1.4 GitHub Structure

1.4.1 Project Repository Structure

The structure of each emlab repository on GitHub will likely vary depending on the needs of the project, but the following structure is suggested as a starting point.

A documents (or docs) folder may be useful for storing code files that are used to generate text-based documents or presentations. Types of files that might live here include things like markdown files.

A results folder may be useful for storing plots or other types of results generated by the project. Some discretion needs to be used here, as some results may actually be considered to be “processed” or “output” data. However, results in the form of figures or workspace image files might live here.

A scripts folder may be useful for storing the code files that do everything from processing the raw data to running the analysis and generating outputs.

A functions folder may be useful for storing the code files in which functions that are used by many scripts many be stored.

Different types of projects may require more or fewer folders and these are only meant to act as suggestions. Regardless, the structure of the repository should be sufficiently organized such that it can be easily navigated and understood by others by the time the project is completed.

1.4.2 A repo inside a repo

Sometimes, a project may have more than one paper or analysis sections. On some corner scenarios, we might want to have multiple “paper folders” within a “project folder”. This would imply that we will have a repo inside a repo.
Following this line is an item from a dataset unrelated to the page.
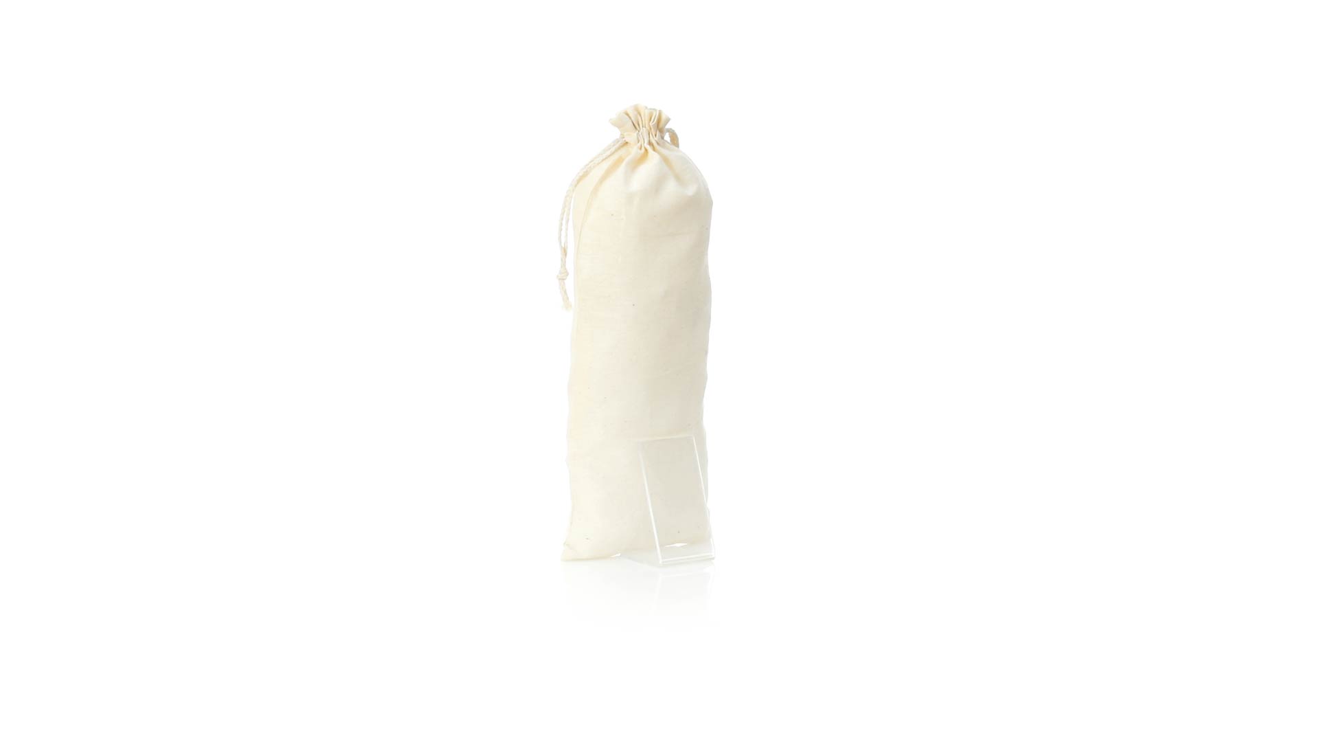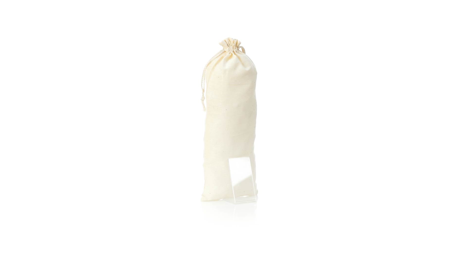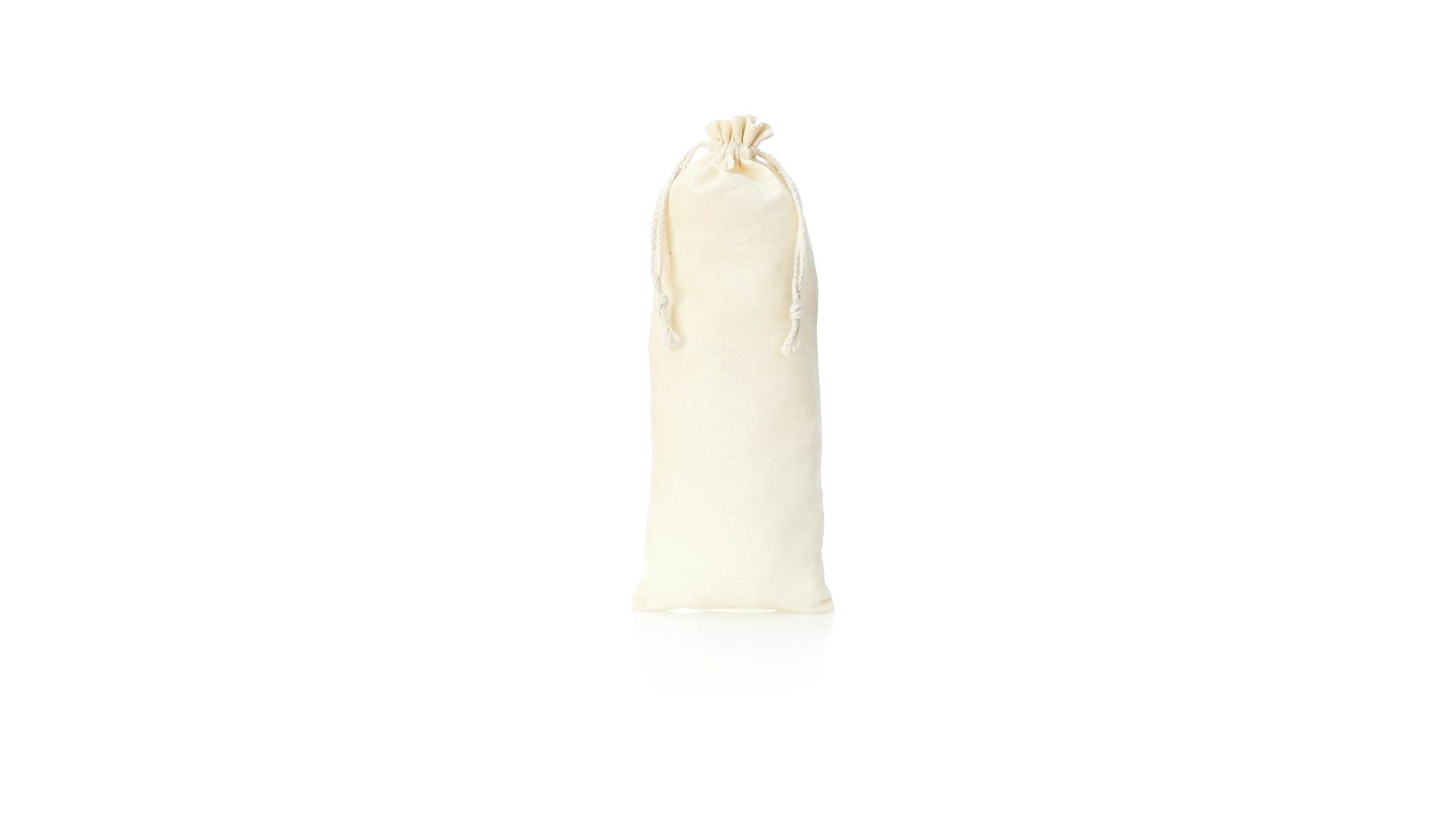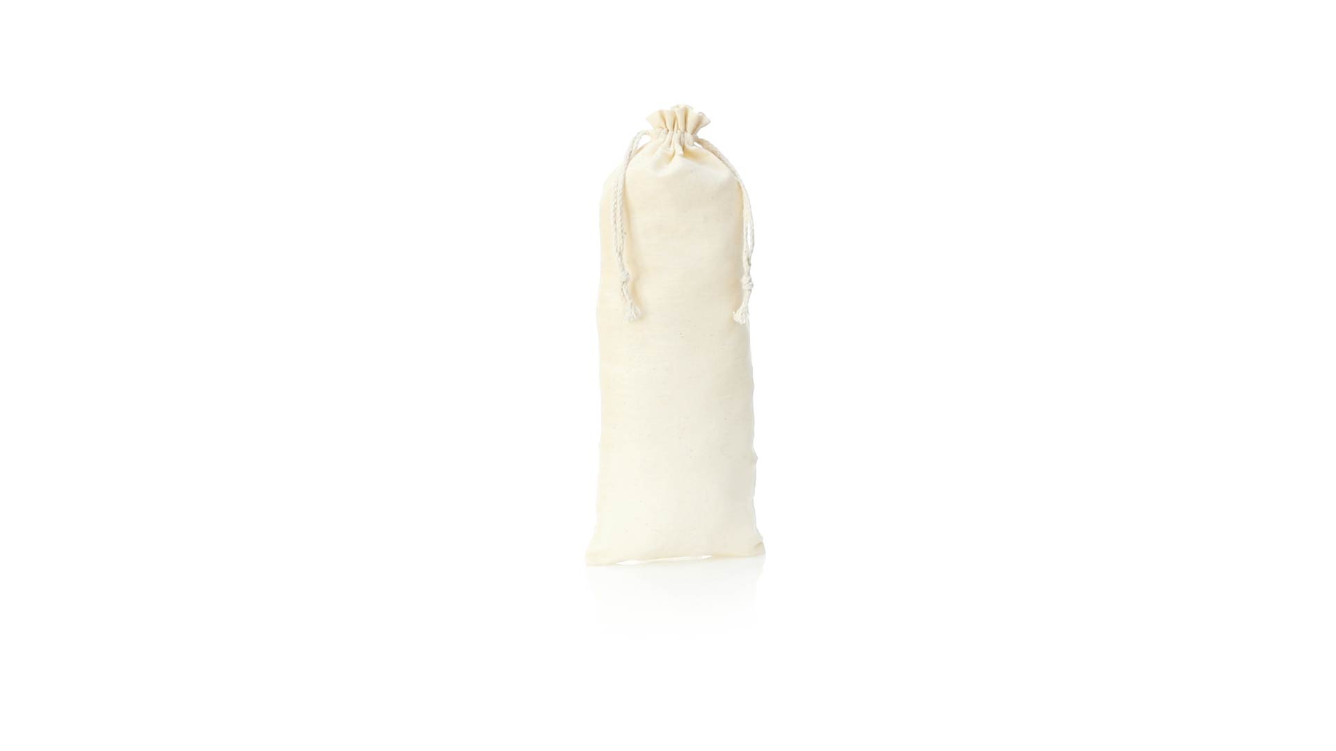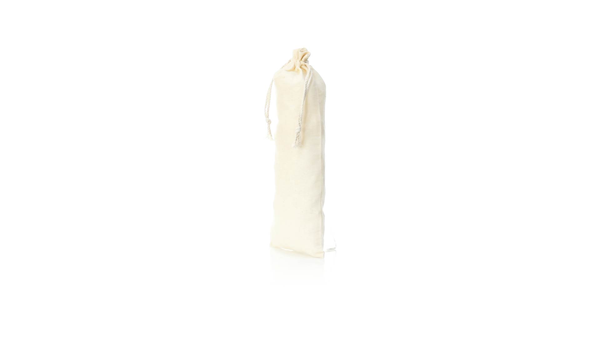 Tasche aus der Naturlinie, aus Baumwolle 105g/m2.Grösse 12x33 cm, mit genähter Verarbeitung und selbstschliessenden Schnüren aus Baumwolle. Speziell für die Verpackung von Flaschen und Thermoskannen hergestellt.

If that is something that makes sense for you, your project, and your team, then git submodules are your solution. If you want to read more on when / how to use submodules, visit the documentation page here.

Including submodules in your workflow is simple. Here’s an example. you are working on a big project called “Blue Future”. The project has six PIs, 13 Research Specialists, two PostDocs, and three PhD Students. After a long kick-off meeting, the team realizes that the project will produce two papers and a ShinyApp. You are all determined to keep everything on the same folder, but correctly categorized and organized. As such, you go to GitHub and create the following four repositories:

  • Blue Future
  • Paper 1
  • Paper 2
  • ShinyApp

You’ll clone the Blue Future repo into your comuter, using the usual:

git clone https://github.com/emlab-ucsb/BlueFuture.git

Now, instead of cloning the repos for each paper and the app into their own folder, you’ll navigate into your local BlueFuture folder. Then, instead of cloning them there, you can just do:

git submodule add https://github.com/emlab-ucsb/Paper1.git

This will clone the Paper 1 repo, but not without first telling the BlueFuture repo about it (just so that you don’t end up tracking things twice). You can repeat the operation for Paper2 and ShinyApp. That’s it!